Worst Jokes Ever

Worst Jokes Ever

What's the difference between a hippie chick and a hockey player?

A hockey player showers after 3 periods.

1st graders: Ay yo girl, I think you’re beautiful, let’s get married!!

2nd graders: Uhh, don’t tell my mom that we’re dating!! She won’t let me date! Let’s keep this a seeeeecret heeheehee.
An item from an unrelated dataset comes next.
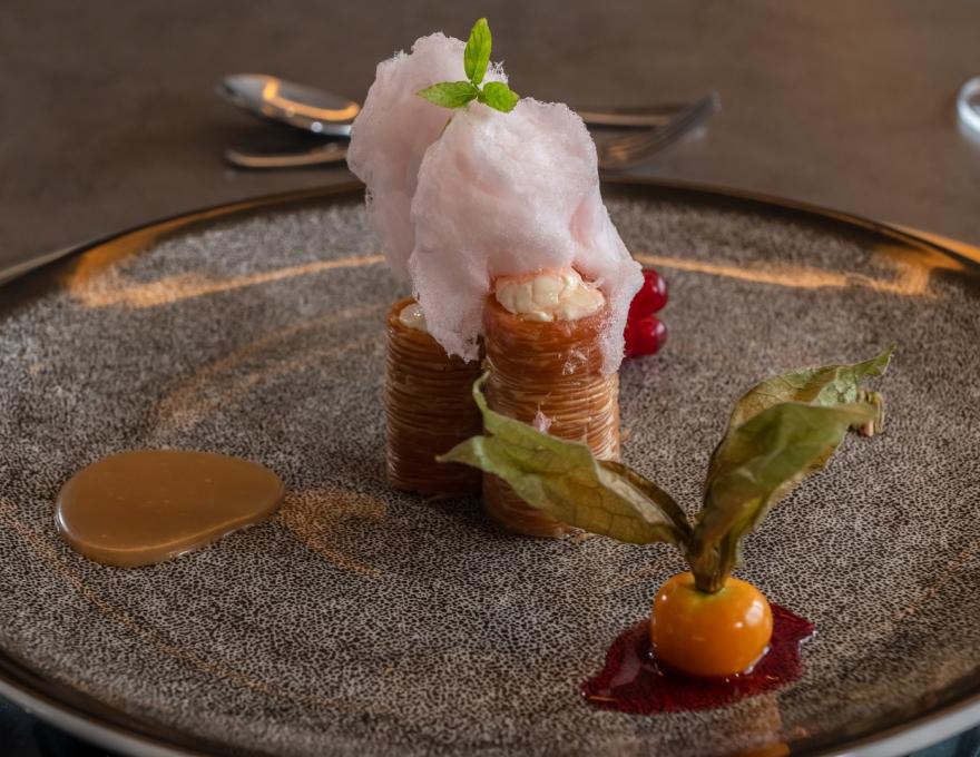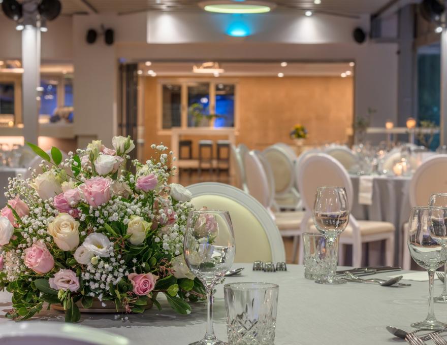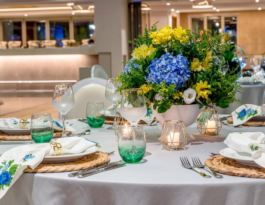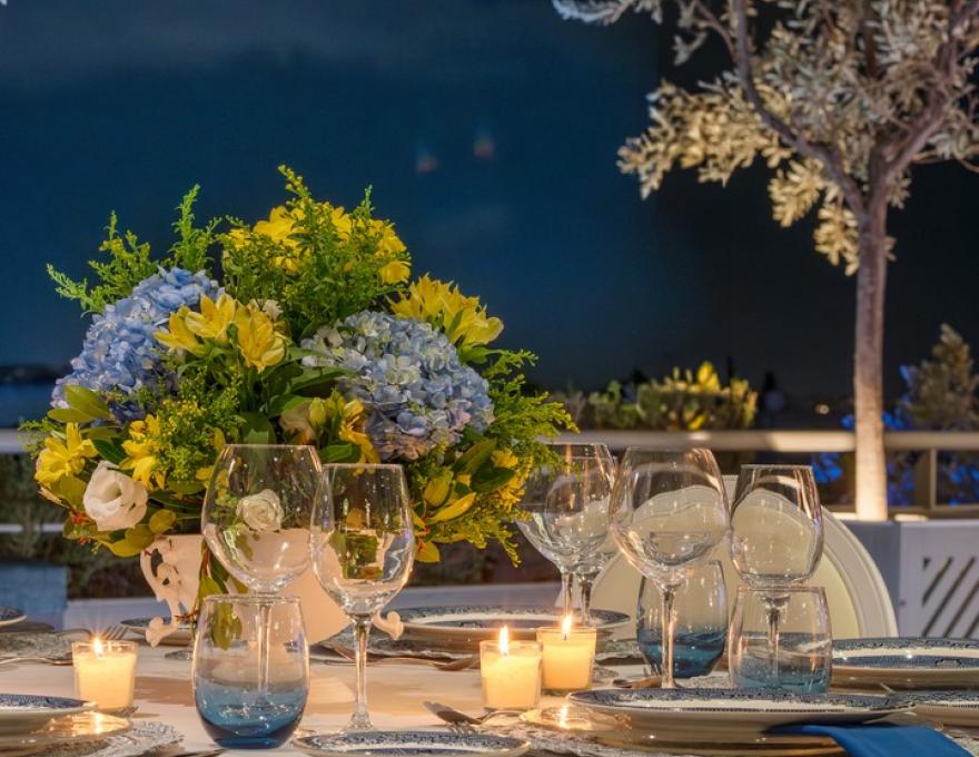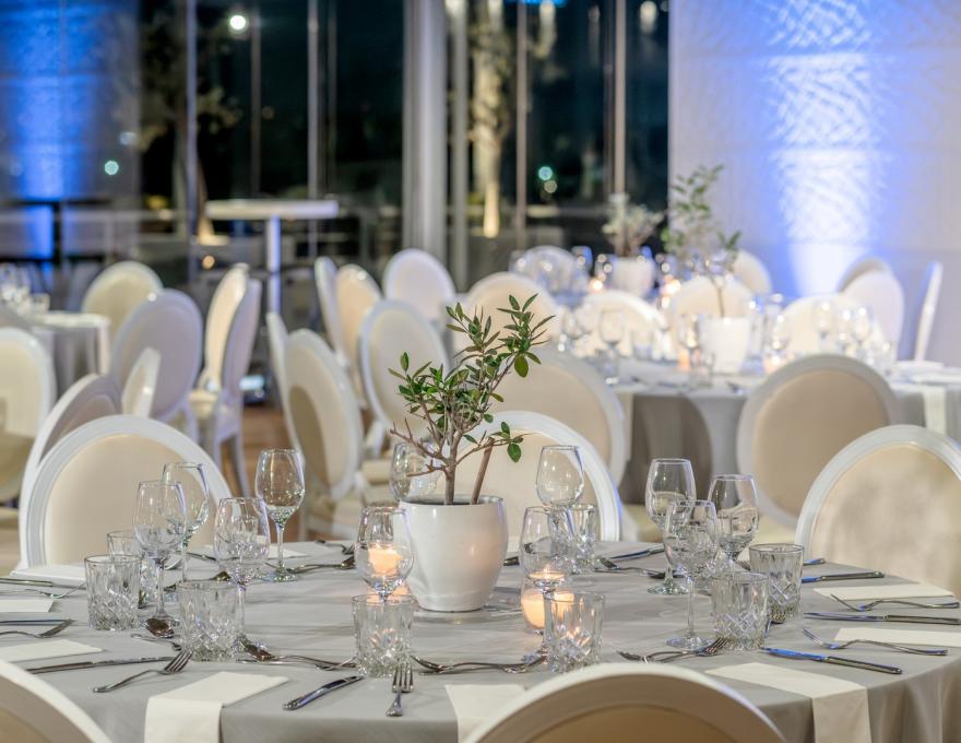 Οι μοναδικές μεσογειακές γεύσεις, σε επιλογές buffet, μενού ή finger food, φέρουν την υπογραφή του Executive Chef Jean Yves Carattoni και υπόσχονται να απογειώσουν γευστικά την κάθε στιγμή της δεξίωσής σας.

3rd graders: Uh, my teacher told me to stay after school because I wrote a poem about you and I’m 9 years old, we have to break up, sweetie.

4th graders: Hey, I think you’re cute!! Wanna date? I don’t think my girlfriend will mind.......

5th graders (they start wearing makeup): Ay girl, your eyelashes are pretty, I like you now, wanna date? Here’s my numberrrrrr.

6th graders: Heyyyyy, I gotta tell you a secret, I got a crush on you!! Don’t tell anyone!! Byeee, ooh, I’ll text you later!

7th graders: We need to make Peyton jealous because she broke up with you!! Wanna date? I mean, you’re not hot, but still, great personalityyyyy, alright, bye now.

8th graders: Hi sweetheart, I got STARRRBUCKKKSSS

Me: UGLY AF AND LITERALLY NO BOYFRIEND.....

Why did the FBI get a foster family for an orphan?

So he could be in a lovely family before death.

Parent: Have you seen your sister?

Son: No, the last time I saw her was when we were playing hide and seek.

Which is redder: a baby or a red car? It depends on how the baby was killed!

The time I saw you and you asked me to be your friend.

Me: "Yeah... no. You're too ugly. Even your parents never loved you."